===== RECORDS SHOWN
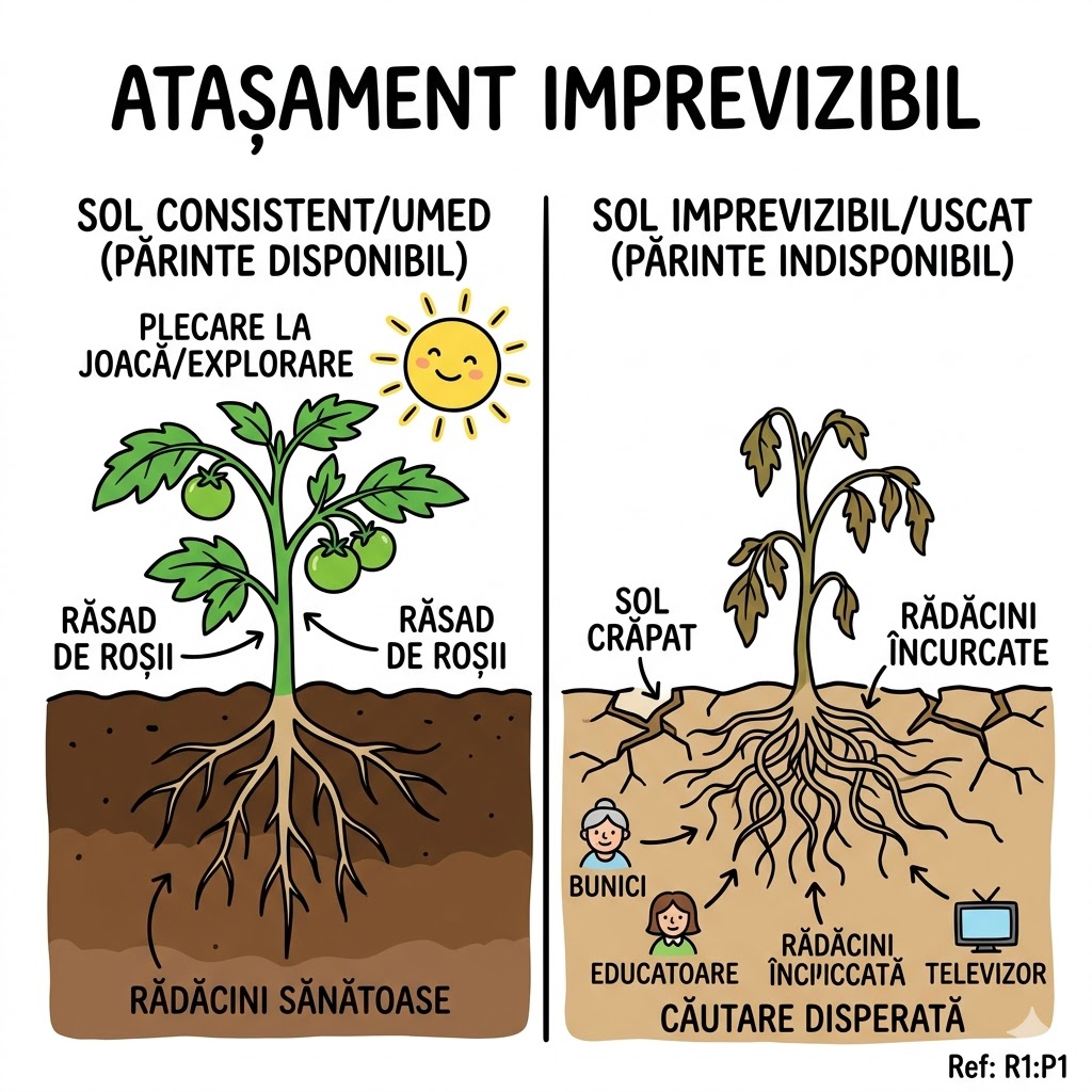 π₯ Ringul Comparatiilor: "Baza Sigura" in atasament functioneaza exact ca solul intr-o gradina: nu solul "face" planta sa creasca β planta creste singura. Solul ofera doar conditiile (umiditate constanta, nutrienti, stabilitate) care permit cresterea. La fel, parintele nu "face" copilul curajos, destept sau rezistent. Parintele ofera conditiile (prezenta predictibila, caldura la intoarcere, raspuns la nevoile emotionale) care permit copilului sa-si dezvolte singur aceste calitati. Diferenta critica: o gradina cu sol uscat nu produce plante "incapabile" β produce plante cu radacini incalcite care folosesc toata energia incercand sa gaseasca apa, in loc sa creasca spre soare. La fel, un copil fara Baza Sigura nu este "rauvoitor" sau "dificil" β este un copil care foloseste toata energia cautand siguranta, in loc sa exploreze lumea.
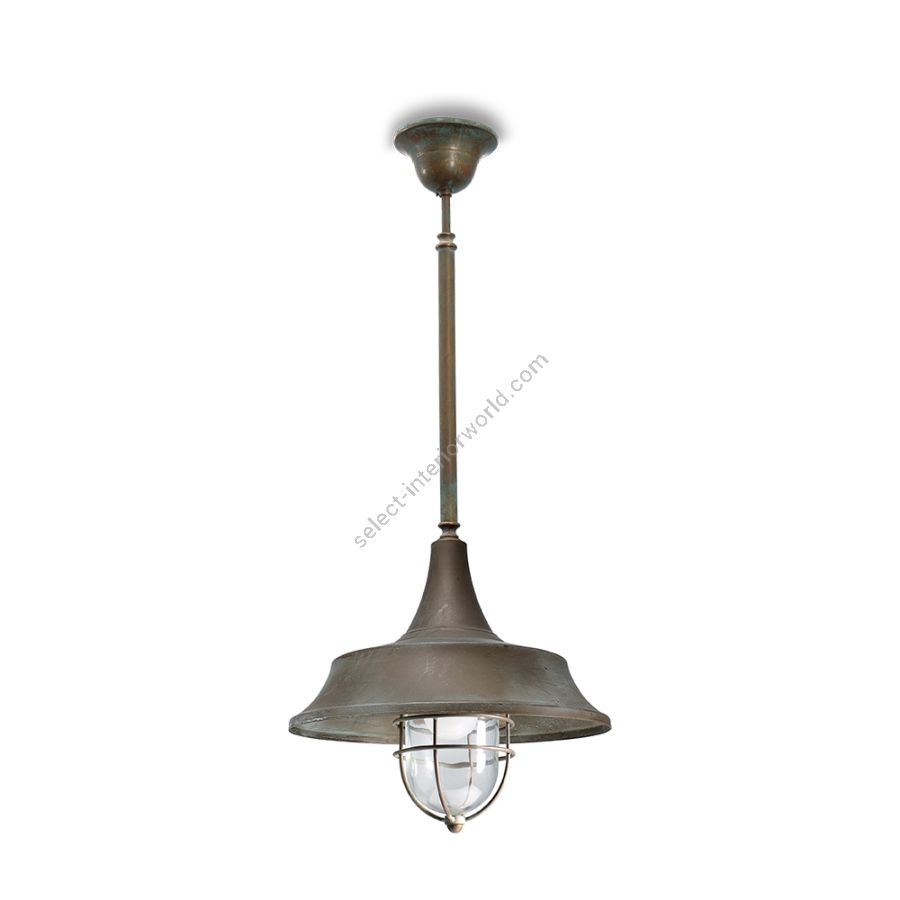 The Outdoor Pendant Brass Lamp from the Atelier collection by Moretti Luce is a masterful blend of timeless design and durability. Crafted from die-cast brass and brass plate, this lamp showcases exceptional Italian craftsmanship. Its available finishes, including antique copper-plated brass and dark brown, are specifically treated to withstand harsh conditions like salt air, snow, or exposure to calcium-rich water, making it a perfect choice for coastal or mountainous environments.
==========
===== RECORDS SHOWN
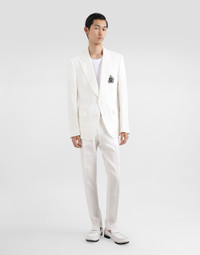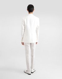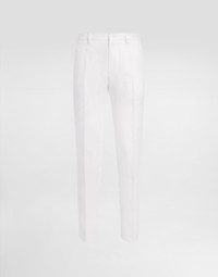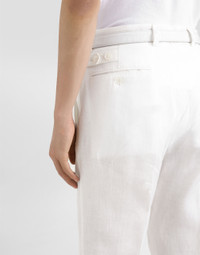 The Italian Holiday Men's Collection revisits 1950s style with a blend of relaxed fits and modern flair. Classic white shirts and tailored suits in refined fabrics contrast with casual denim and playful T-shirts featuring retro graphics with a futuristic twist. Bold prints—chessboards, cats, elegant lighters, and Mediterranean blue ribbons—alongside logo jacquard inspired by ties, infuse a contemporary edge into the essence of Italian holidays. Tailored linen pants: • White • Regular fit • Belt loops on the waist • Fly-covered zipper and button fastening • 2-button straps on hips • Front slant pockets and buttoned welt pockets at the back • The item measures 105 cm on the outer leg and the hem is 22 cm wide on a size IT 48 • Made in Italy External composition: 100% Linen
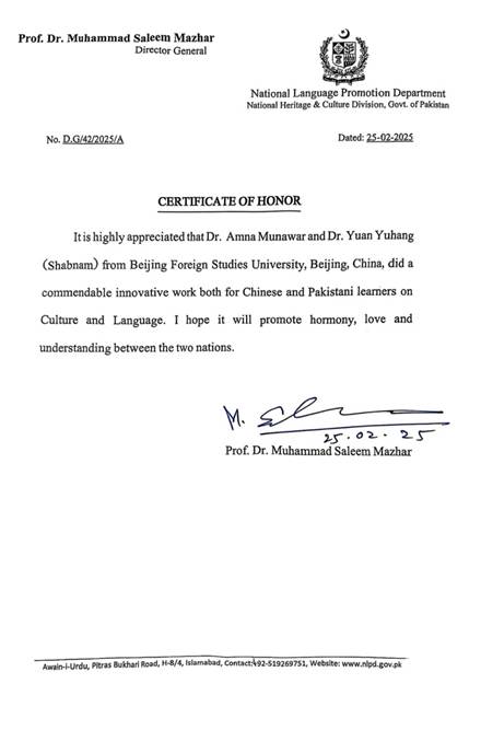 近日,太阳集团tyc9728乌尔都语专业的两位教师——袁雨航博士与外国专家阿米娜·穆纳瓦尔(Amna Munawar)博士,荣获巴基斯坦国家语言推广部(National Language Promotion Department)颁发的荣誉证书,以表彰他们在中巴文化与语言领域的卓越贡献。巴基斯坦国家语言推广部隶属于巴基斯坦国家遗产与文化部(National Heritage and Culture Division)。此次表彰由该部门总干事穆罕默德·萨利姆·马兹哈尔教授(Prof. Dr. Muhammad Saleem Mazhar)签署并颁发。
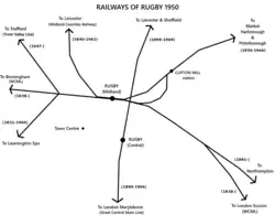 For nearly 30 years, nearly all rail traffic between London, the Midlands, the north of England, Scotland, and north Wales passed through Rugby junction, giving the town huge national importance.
==========
===== RECORDS SHOWN
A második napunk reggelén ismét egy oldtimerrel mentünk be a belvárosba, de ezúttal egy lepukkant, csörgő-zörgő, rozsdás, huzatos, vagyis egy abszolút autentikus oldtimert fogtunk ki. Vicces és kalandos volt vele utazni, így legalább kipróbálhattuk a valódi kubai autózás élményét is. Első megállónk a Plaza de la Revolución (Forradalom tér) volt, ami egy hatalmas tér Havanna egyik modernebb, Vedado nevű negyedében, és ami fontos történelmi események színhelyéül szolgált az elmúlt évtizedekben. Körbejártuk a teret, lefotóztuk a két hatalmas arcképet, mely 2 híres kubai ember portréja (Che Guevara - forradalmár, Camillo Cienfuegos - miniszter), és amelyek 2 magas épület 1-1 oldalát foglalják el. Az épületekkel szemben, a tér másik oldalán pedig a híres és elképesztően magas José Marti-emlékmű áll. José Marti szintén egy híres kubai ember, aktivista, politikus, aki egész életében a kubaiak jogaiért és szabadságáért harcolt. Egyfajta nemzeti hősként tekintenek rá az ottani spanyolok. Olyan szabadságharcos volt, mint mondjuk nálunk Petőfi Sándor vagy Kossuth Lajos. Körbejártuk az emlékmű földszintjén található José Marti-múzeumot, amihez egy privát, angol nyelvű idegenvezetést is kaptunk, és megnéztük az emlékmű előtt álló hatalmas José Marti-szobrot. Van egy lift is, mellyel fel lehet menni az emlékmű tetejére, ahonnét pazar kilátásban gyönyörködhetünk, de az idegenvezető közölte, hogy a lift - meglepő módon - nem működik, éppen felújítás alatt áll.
==========
__WHAT YOU WILL DO__:
Could the stretch from the line with "Muhammad Saleem Mazhar)签署并颁发。" through the line with "For nearly 30" in the listing above be restated word for word, minus the pictures?

__WORKED SOLUTION__:
 近日,太阳集团tyc9728乌尔都语专业的两位教师——袁雨航博士与外国专家阿米娜·穆纳瓦尔(Amna Munawar)博士,荣获巴基斯坦国家语言推广部(National Language Promotion Department)颁发的荣誉证书,以表彰他们在中巴文化与语言领域的卓越贡献。巴基斯坦国家语言推广部隶属于巴基斯坦国家遗产与文化部(National Heritage and Culture Division)。此次表彰由该部门总干事穆罕默德·萨利姆·马兹哈尔教授(Prof. Dr. Muhammad Saleem Mazhar)签署并颁发。
 For nearly 30 years, nearly all rail traffic between London, the Midlands, the north of England, Scotland, and north Wales passed through Rugby junction, giving the town huge national importance.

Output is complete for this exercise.